**Input data**
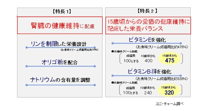 そこでこのたび、『銀のスプーン 三ツ星グルメ』お魚味クリームから、高齢のネコちゃんが食べやすく、健康維持に配慮した「15歳頃から」を全国で発売します。
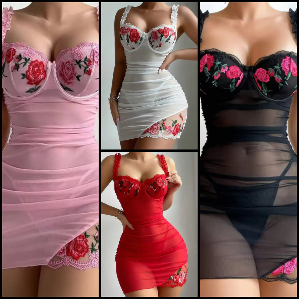 Women Red Bow Halter Sexy Heart Mesh Lingerie Set
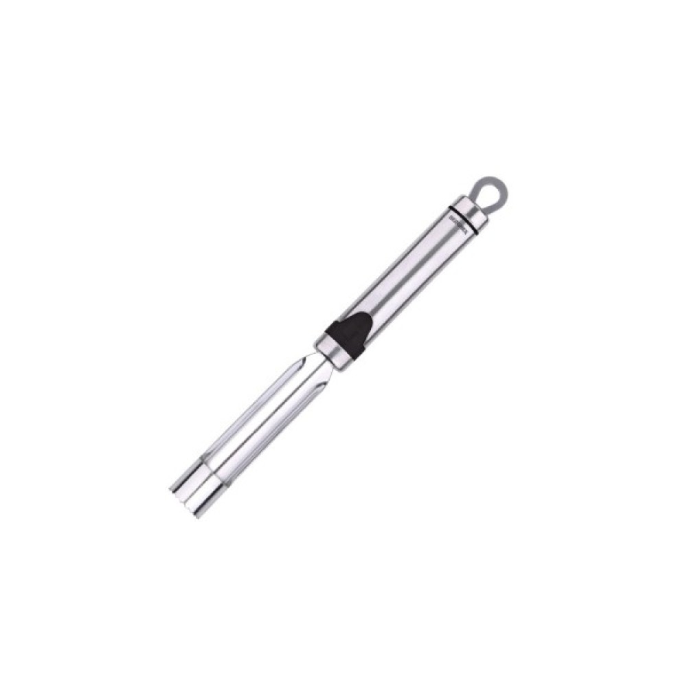 Ніж для видалення серцевини яблука Bergner Gizmo (BG-3226) кухонний аксесуар, виготовлений з нержавіючої сталі. Ручка з чорною вставкою та з петелькою для підвішування. Матеріал не вбирає запахи, не змінює смаку продуктів, екологічно чистий, не містить шкідливих та токсичних речовин. Призначений для чищення яблук.
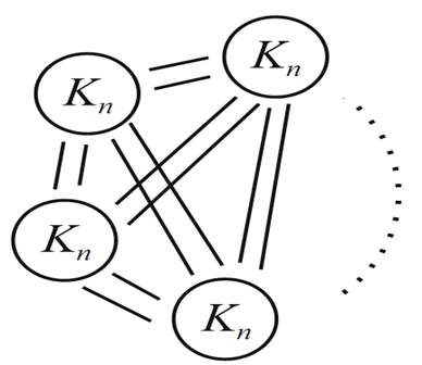 Proof. Let m = χ(G) − 1 and let n = C(H) − 1. Consider the graph S formed by taking m copies of Kn and adding all of the edges in between each copy (Figure 1.13). Actually, S = Kmn. Now color all of the edges within each Kn blue, and color all other edges red. From the way we have constructed the coloring, every red subgraph can be vertex colored with m colors. Since m< χ(G), there can be no red G present. Furthermore, any blue subgraph has at most n = C(H) − 1 vertices in its largest component. Hence, there can be no blue H present. We have exhibited a 2-coloring of Kmn that contains neither a red G nor ablue H.
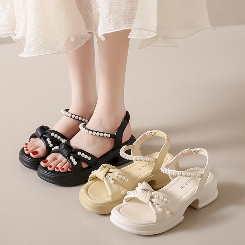 Fashion 2024 Summer New Fairy Style Thick Sole Sandals for Women Fashion Pearl Shoes Sandals Fashion Peep Toe Casual Dress Sandalies
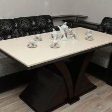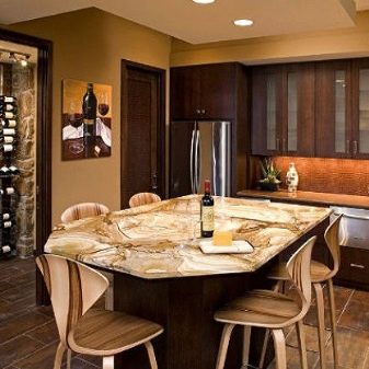 Una alternativa perfecta a les taules de pedra natural poden ser els mobles d’una opció artificial. Avui en dia, els fabricants de taules de cuina fabricades en pedra artificial han aconseguit productes de qualitat sorprenents: visualment, fins i tot, són difícils de distingir els uns dels altres. Per tant, abans de realitzar una compra, heu d’entendre bé quin dels materials artificials és la decoració més digna de la vostra cuina. Hi ha diverses opcions per triar mobles:
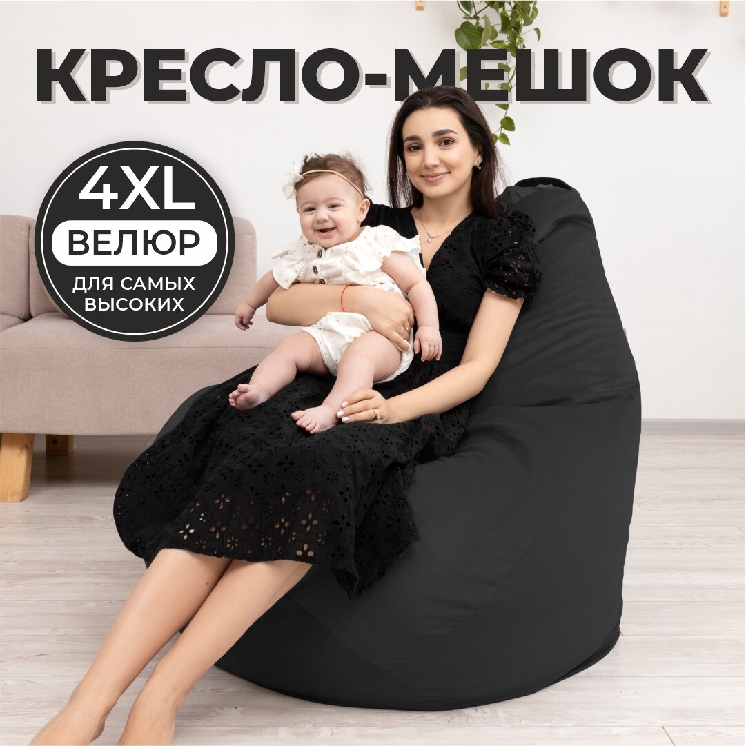 10 цен на Кресло мешок Груша 4XL черный Велюр
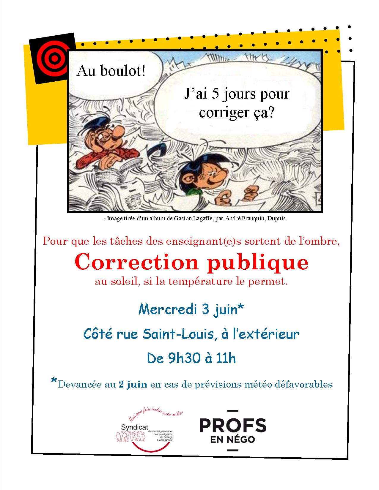 - 3 juin (9 h 30 à 11 h) : Action «Correction publique»! Pour nous assurer d’un minimum de participants (60), cliquez ici pour vous inscrire. (Activité devancée au 2 juin si prévisions météo défavorables pour le 3 juin.) Portez votre foulard FNEEQ et votre macaron «Profs en négo»!
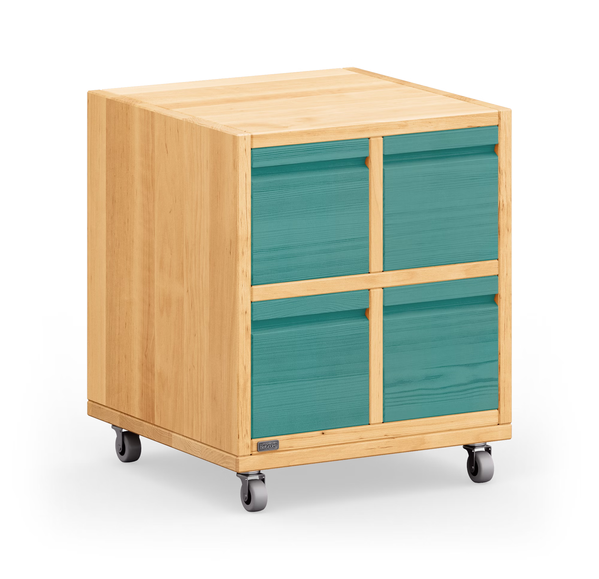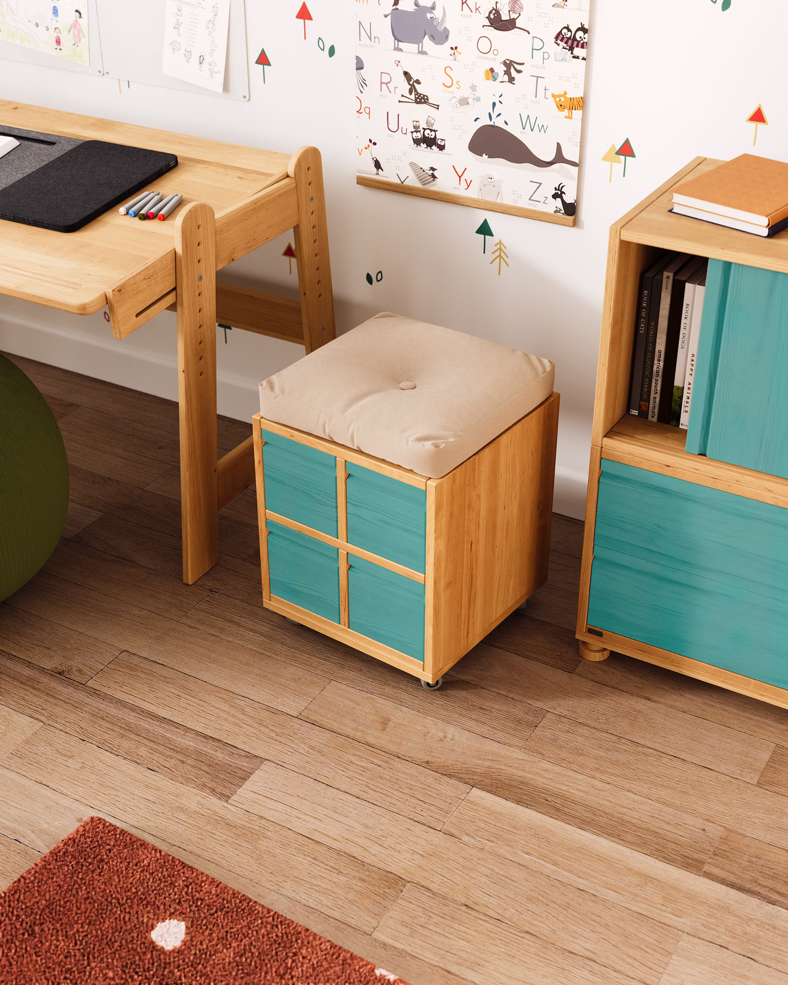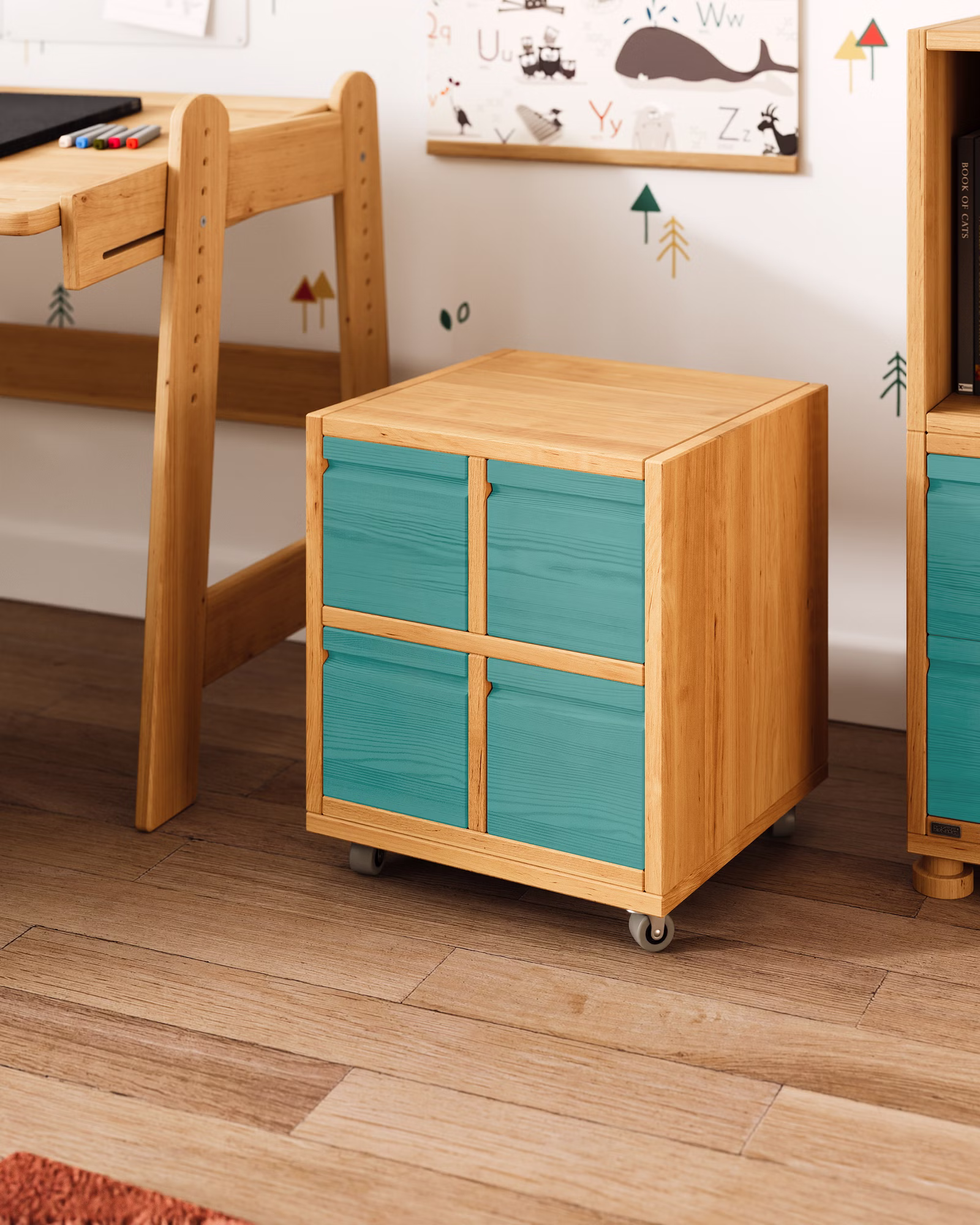 Unser Laura Rollcontainer mit vier Office-Boxen wird aus Bio-Massivholz gefertigt und ist die praktische Ergänzung für jeden Schreibtisch im Kinderzimmer oder Büro. Die Schubladen können farblich auf die Einrichtung abgestimmt werden und setzen so fröhliche Farbakzente im Kinderzimmer.
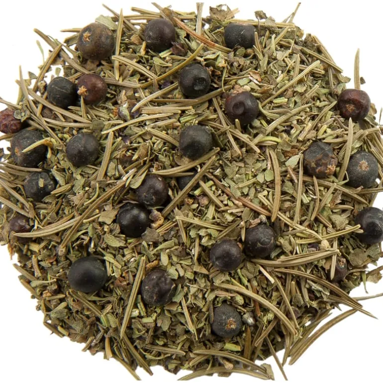 Basilicum, jeneverbessen, rozemarijn, tijm, dennennaalden.
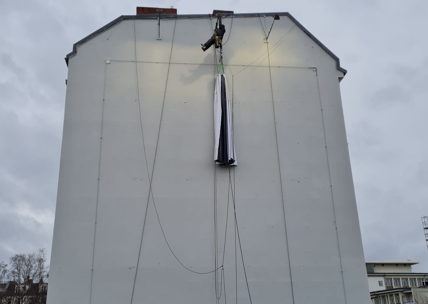 Montage von Personenfangnetzen in der Papierfabrik Albbruck
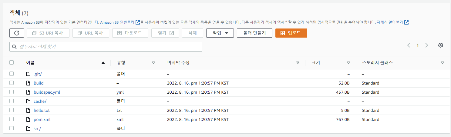이 S3 객체를 보면 cache라는 폴더가 존재하는데 이는 CodeBuild를 생성할 때 로그를 S3에 남기기 위해 설정을 했기 때문에 남았다.
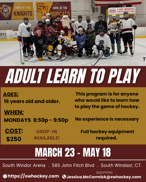 Come join our SW Hockey coaches with the spring offering of our co-ed Adult Learn to Play! Hockey is for everyone, including those taking up the game as adults!
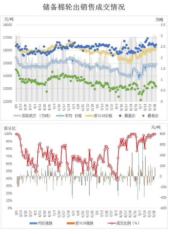 9月29日儲備棉輪出銷售資源29790.8252噸,實際成交29790.8252噸,成交率100.00%。成交平均價格14923元/噸(較前一日價格跌70元/噸);折3128價格16219元/噸(較前一日價格跌30元/噸)。
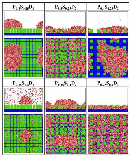 For the surface P0.25S0.4D2, at the beginning of condensation, water molecules condensed into a water film of about two–three water molecules thickness in the gaps between the structure. Subsequently, the water film thickness increases and becomes larger than the nanopillar height. The condensed water above the nanopillar changes into a spherical crown shape to achieve a stable state. In this stage, due to the weak restriction of water molecules by hydrophobic nanopillars, the water molecules in the upper part of the gaps are easily attracted by the crown condensate and leave the gap; on the contrary, the water molecules in the lower part of the gaps remain in the gap due to the strong attraction of the hydrophilic substrate to these water molecules. Since some water molecules move from the gaps to the top of the nanopillar during the simulation, this process is formulated as dewetting-like behavior based on liquid film. However, for the surfaces P0.4S0.4D2 and P0.4S0.25D2, the hydrophilic nanopillars strongly attract the water molecules in the upper part of the gaps, so that they remain in the gap, and therefore no dewetting-like behavior occurs. Moreover, for the surface P0.25S0.4D3, almost all the water molecules condensed in the enlarged gaps without staying at the top of the nanopillar, so no dewetting-like behavior occurred either.
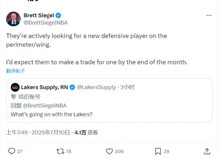 谈到湖人的动向时,Siegel表示:“他们正在积极寻找一个外线/侧翼防守者,我预计他们会在本月结束前交易来一个。”
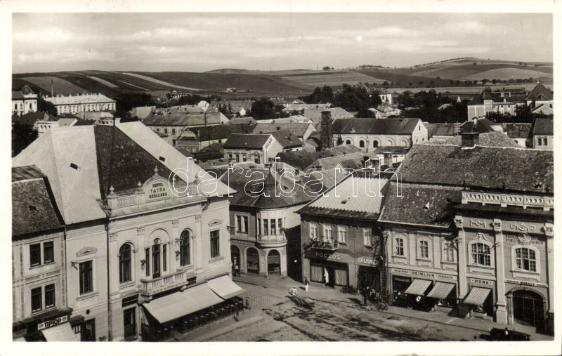 Beschreibung: Rimaszombat Hotel Tátra with the shops of Miskolczy, Póczos, Brünner, Heimlich and Mork photo So.Stpl
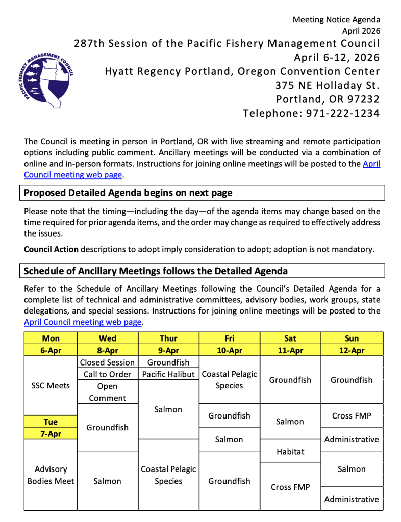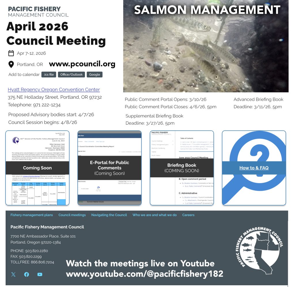 - The PFMC makes changes to the Salmon Season dates or three alternatives each day they are discussed as new information and quotas are considered. Find the new dates for each zone on their website under their Briefing Book for the March Meeting. Look for the C.6.a Supplemental STT Report 1: Salmon Technical Team Report Collation of Preliminary Salmon Management Alternatives for 2026 Ocean Fisheries (this is the latest from Sunday and will be reviewed on Monday.
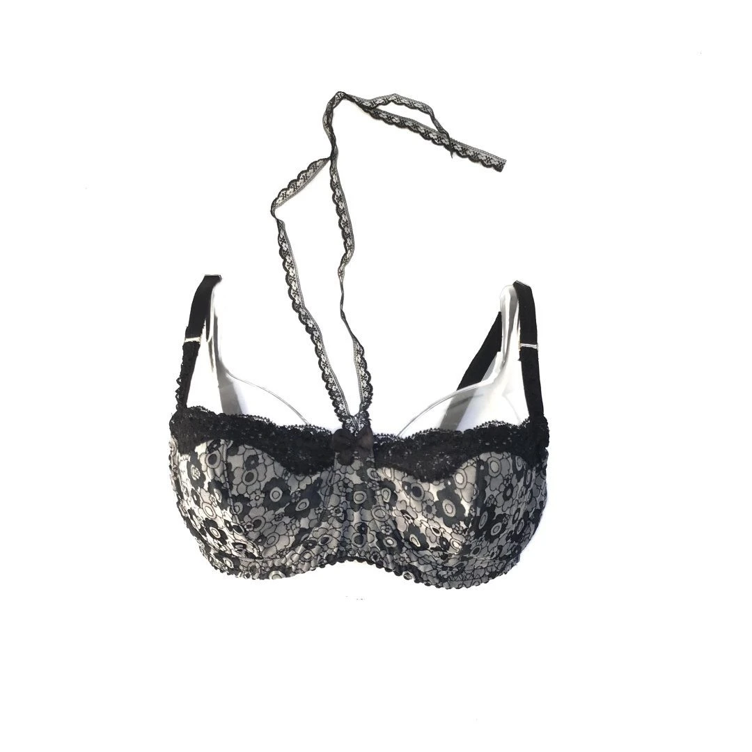 Conjunto de soutien con arco confeccionado en puntilla y jacquard italiano. Es divino con su detalle de cuello y corte balconette. Lo acompaña microbikini en jackard italiano haciendo juego.
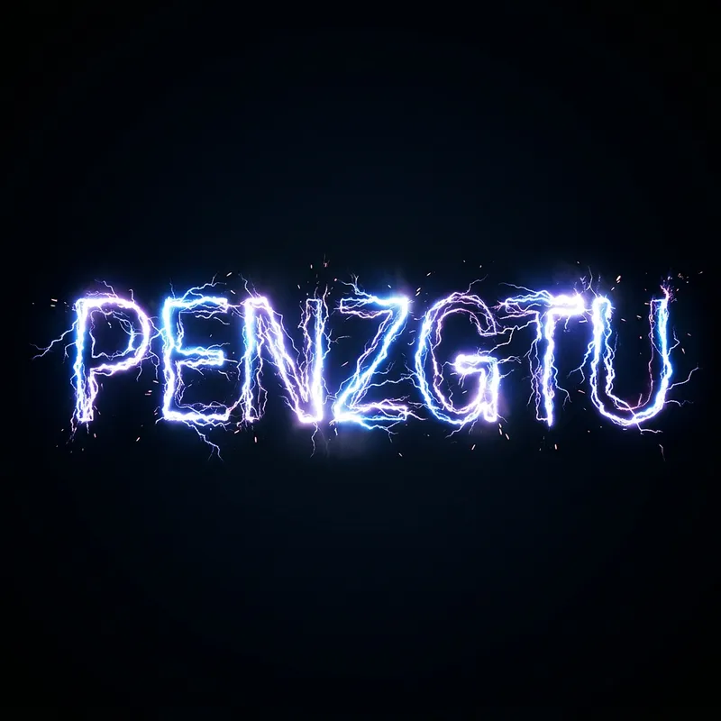 Render the word 'penzgtu' appearing as if made from high voltage electricity. The scene is completely minimalistic with no unnecessary objects, just the electrified text against a background.
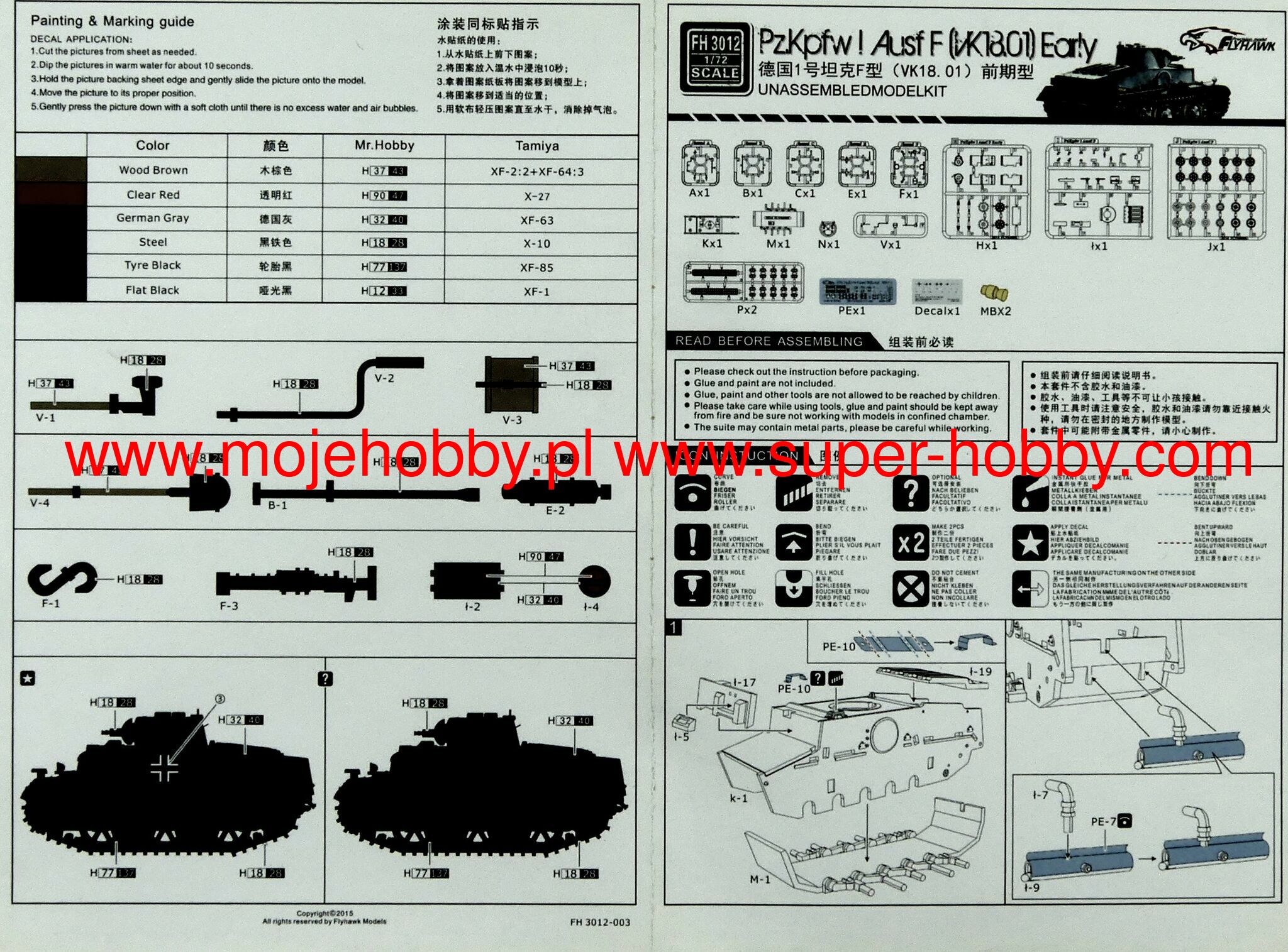 3012 GERMAN PZKPFW. I AUSF F (VK18.01) EARLY fly hawk model 1/72
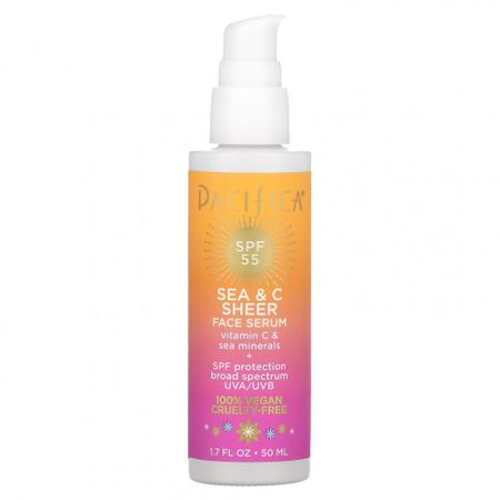 Главная » Красота и здоровье Pacifica, Прозрачная сыворотка для лица Sea & C, SPF 55, 50 мл (1,7 жидк. Унции) Просмотров 6 Пасифика
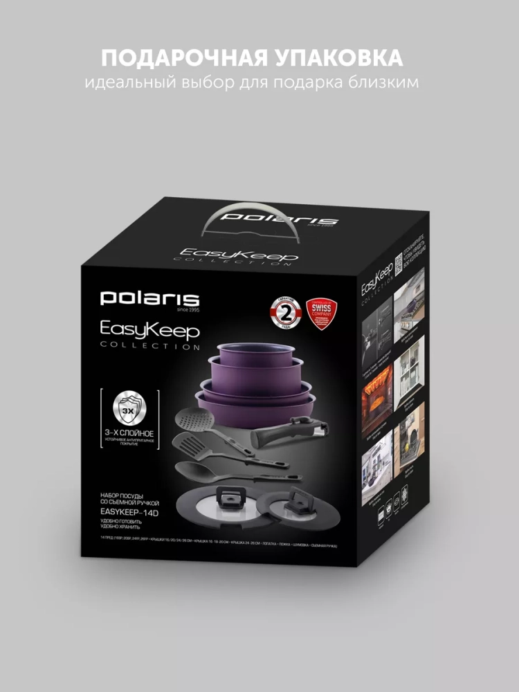 Профессиональный набор посуды Easy Keep-14D от Polaris - это уникальная коллекция, которая обеспечит незаменимую помощь на кухне благодаря своей многофункциональности. Главное преимущество набора заключается в удобстве приготовления и компактности при хранении, что обязательно оценят все хозяйки!

**Exercise objective**
Each line from the start of the entries above through the line with "Ніж для видалення" should be duplicated exactly, leaving out the pictures.

**Solved exercise**
 そこでこのたび、『銀のスプーン 三ツ星グルメ』お魚味クリームから、高齢のネコちゃんが食べやすく、健康維持に配慮した「15歳頃から」を全国で発売します。
 Women Red Bow Halter Sexy Heart Mesh Lingerie Set
 Ніж для видалення серцевини яблука Bergner Gizmo (BG-3226) кухонний аксесуар, виготовлений з нержавіючої сталі. Ручка з чорною вставкою та з петелькою для підвішування. Матеріал не вбирає запахи, не змінює смаку продуктів, екологічно чистий, не містить шкідливих та токсичних речовин. Призначений для чищення яблук.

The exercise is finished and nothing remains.